Dabei ist es noch nicht lange her, dass die Partnerschaft der beiden Unternehmen weit über eine klassische Lieferbeziehung hinausging. Handelsexperten sprachen von einer regelrechten Markensymbiose, schließlich arbeiteten Alnatura-Gründer Götz Rehn und dm-Patron Werner seit den Achtzigerjahren zusammen, sie sind verschwägert, waren befreundet und teilten neben dem gleichen Vornamen auch gemeinsame Ideale.

Rehn hatte damals einen italienischen Bekannten gefragt, was „zur Natur“ auf Italienisch heißt und die Antwort „alla natura“ bekommen. Im Herbst 1984 meldete er die Wortschöpfung als Warenzeichen an und schloss mit Werner wenig später eine Vereinbarung, die sich wie ein anthroposophisches Manifest liest. Ziel sei es, heißt es darin, „eine Humanisierung des Wirtschaftslebens“ auf Grundlage der von Rudolf Steiner entwickelten „Sozialorganik“ anzustreben. Der Aufstieg von Alnatura begann.

Sukzessive eröffnete Rehn eigene Supermärkte und baute zugleich die Partnerschaft mit dm aus. Auf immer mehr Produkten in den Regalen der Drogeriekette pappte fortan das grün-schwarze Sonnensymbol – und beide Seiten profitierten. So kurbelte das stürmische Wachstum der Drogeriekette die Verkäufe von Alnatura an. Gleichzeitig pilgerten Alnatura-Fans gezielt in dm-Läden, um sich mit Schokocremes, Biomilch und Brotaufstrichen zu bevorraten. Zwischen 2006 und 2015 stieg der Alnatura-Umsatz von rund 185 auf 760 Millionen Euro. 2014 kürte die Brandmeyer Markenberatung Alnatura gar zur beliebtesten Lebensmittelmarke der Deutschen.

Hinter den Kulissen flogen da bereits die Fetzen zwischen den Anthroposophen, zeigen Gerichtsunterlagen. dm forderte demnach günstigere Konditionen sowie die Offenlegung von Einkaufspreisen und Lieferantenbeziehungen. Alnatura-Chef Rehn lehnte ab, worauf sich dm wiederum weigerte, Rechnungen über rund zwei Millionen Euro zu bezahlen. So schaukelte sich der Konflikt immer weiter hoch.

„Aufgrund der Differenzen hat Alnatura die Lieferverträge mit uns fristlos gekündigt“, erinnert sich Christoph Werner. Deutschlands größter Drogist stand plötzlich vor einem gewaltigen Problem, denn Alnatura war bis dahin die einzige Biomarke im Sortiment. „Daher mussten wir schnell für Ersatz sorgen“, sagt Werner. Die Karlsruher stampften in Rekordzeit ihre Eigenmarke aus dem Boden.

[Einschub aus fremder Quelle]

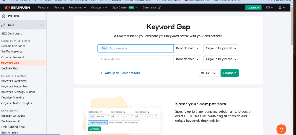 Several of the reasons that make SEO experts and marketing teams prefer Semrush as their main SEO tool are: An example of one such advantage is the enhanced “domain overview” functionality of Semrush which provides a top level description of a site’s presence online. Its database within the keyword research tool is much bigger than several of the competitors, allowing you to have more data for your keyword strategy.
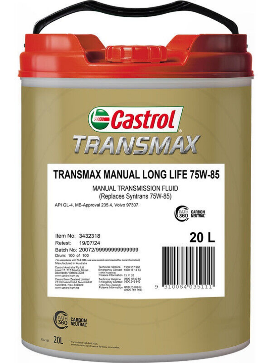 Castrol Transmax Manual Long Life 75W-85 is a full synthetic transmission fluid recommended for most commercial vehicle manual transmissions (truck, bus, light commercial vehicle) where API GL-4 lubricants are required. These transmissions are generally larger and subjected to higher loads and temperatures than those in passenger cars: this product was developed for these particular requirements and is approved by a number of manufacturers.
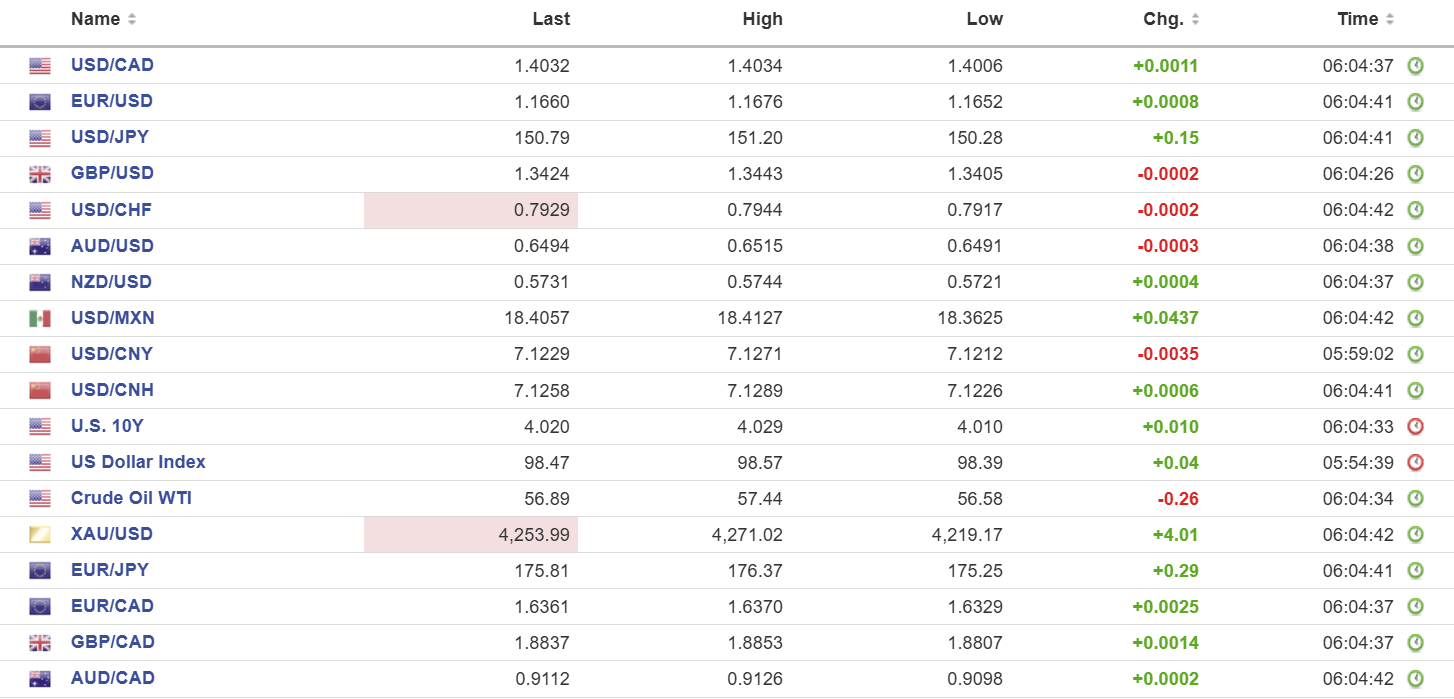 As of 7:00 AM EDT, European indexes are higher. Germany’s DAX index has gained 1.24%, the UK FTSE 100 index is up 0.37%, and the French CAC-40 is flat. S&P 500 futures have gained 0.16%, and the U.S. Dollar Index (DXY) is 98.56. The U.S. 10-year Treasury yield is 4.017%, while gold (XAUUSD) is 4256.41.
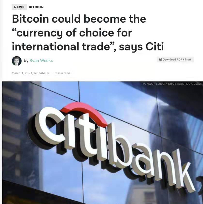 原标题:花旗银行积极购入比特币,各大主流机构看好BTC发展为哪般? 来源:链得得APP
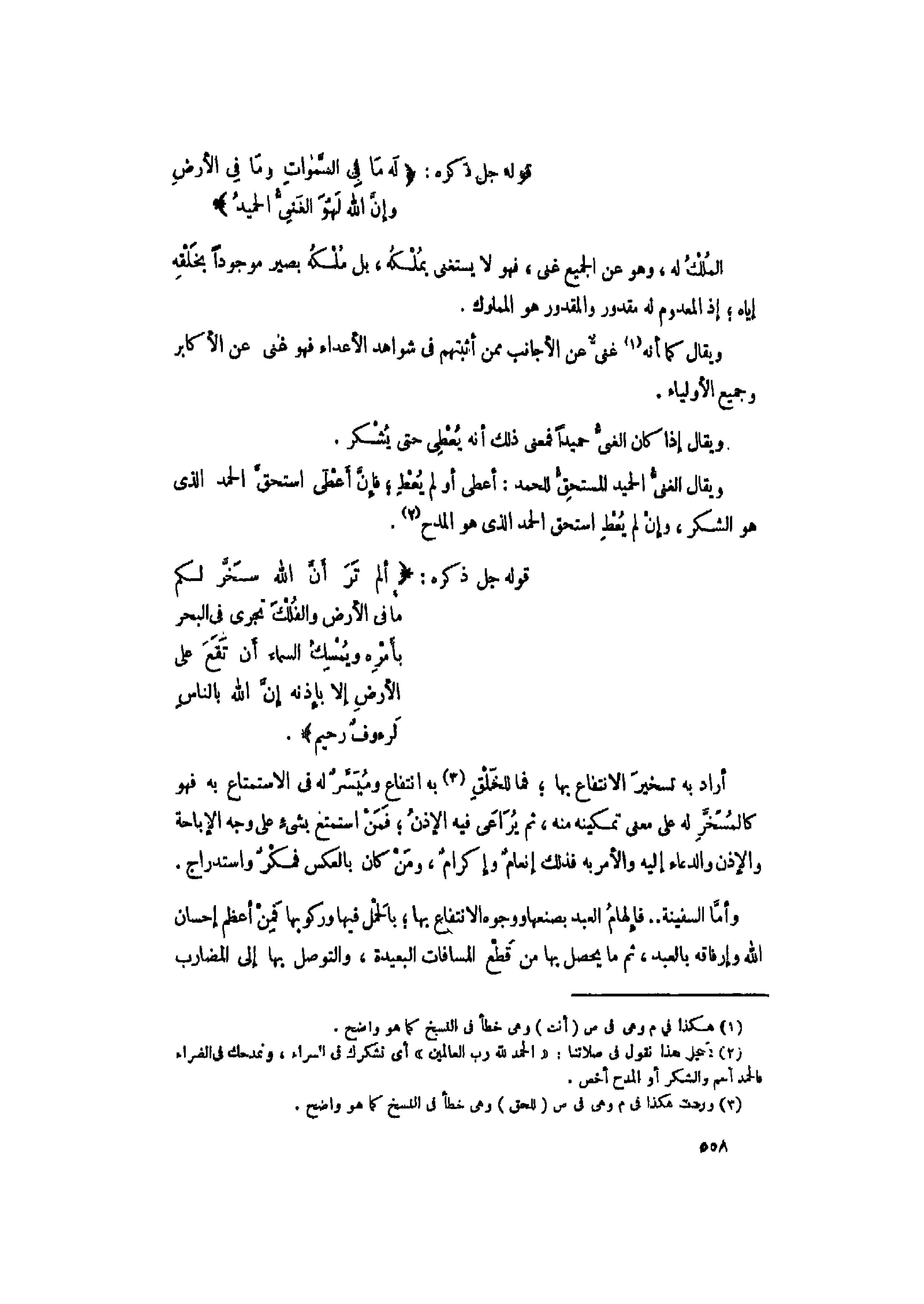 الملك له، وهو عن الجميع غنى، فهو لا يستغنى بملكه، بل ملكه بصير موجودا بخلقه إياه إذ المعدوم له مقدور والمقدور هو المملوك.
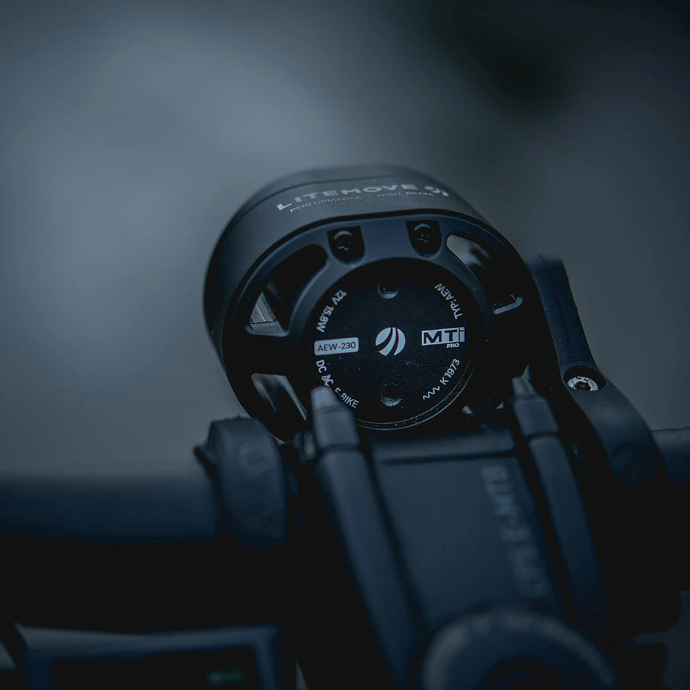 Le phare Litemove AEW-230 doté de la technologie MTi Pro possède un faisceau lumineux de 10 m de large et d’une portée allant jusqu’à 300 m, ce qui améliore considérablement la visibilité vers l’avant. Ce type de projecteur convient mieux aux vététistes, car il offre un éclairage et une visibilité plus larges dans les terrains sombres en forêt ou en montagne. En raison de sa taille, plus petite qu’un jeu de cartes, il se monte facilement sur le guidon sans gêner les autres composants.

Die größten Bio-Supermärkte in Deutschland nach Umsatz

Die Pläne dafür lagen allerdings schon in den Schubladen des Konzerns, bevor der Konflikt eskalierte, „allerdings in einem deutlich kleineren Maßstab“, so dm-Chef Harsch. Erst nach der Vertragskündigung änderte sich die Lage. Statt der versprengten Solitäre launchte der Konzern eine komplette Biolinie, deren Produkte sich nun „mindestens genauso gut, oft sogar besser“ als Alnatura-Artikel verkaufen würden, so Harsch.

Auch Rehn fand neue Partner. Seit Kurzem beliefert Alnatura die direkten dm-Wettbewerber Rossmann und Müller. Zuvor hatte er bereits bei Edeka angedockt und das bekannteste deutsche Biolabel damit in die Regale des größten Lebensmittelhändlers des Landes gebracht. „Hätten wir das nicht gemacht, wäre ich heute nicht hier“, verteidigte Rehn den Schritt bei der Vorstellung der Alnatura-Bilanz Mitte November im Frankfurter Haus am Dom.

Drahtig, in perfekt sitzendem dunklem Anzug federte Rehn dort von Tisch zu Tisch, um trotz rauschender Klimaanlage die Fragen der Journalisten zu verstehen. Neue Produkte? Rote-Beete-Cracker, Birkenwasser und Moringa-Tee seien frisch ins Sortiment aufgenommen worden. Der Umsatz? Stieg leicht auf 762 Millionen Euro. Die eigenen Filialen und die Kooperationen mit den neuen Partnern hätten den Regalbann bei dm kompensiert, sagt Rehn.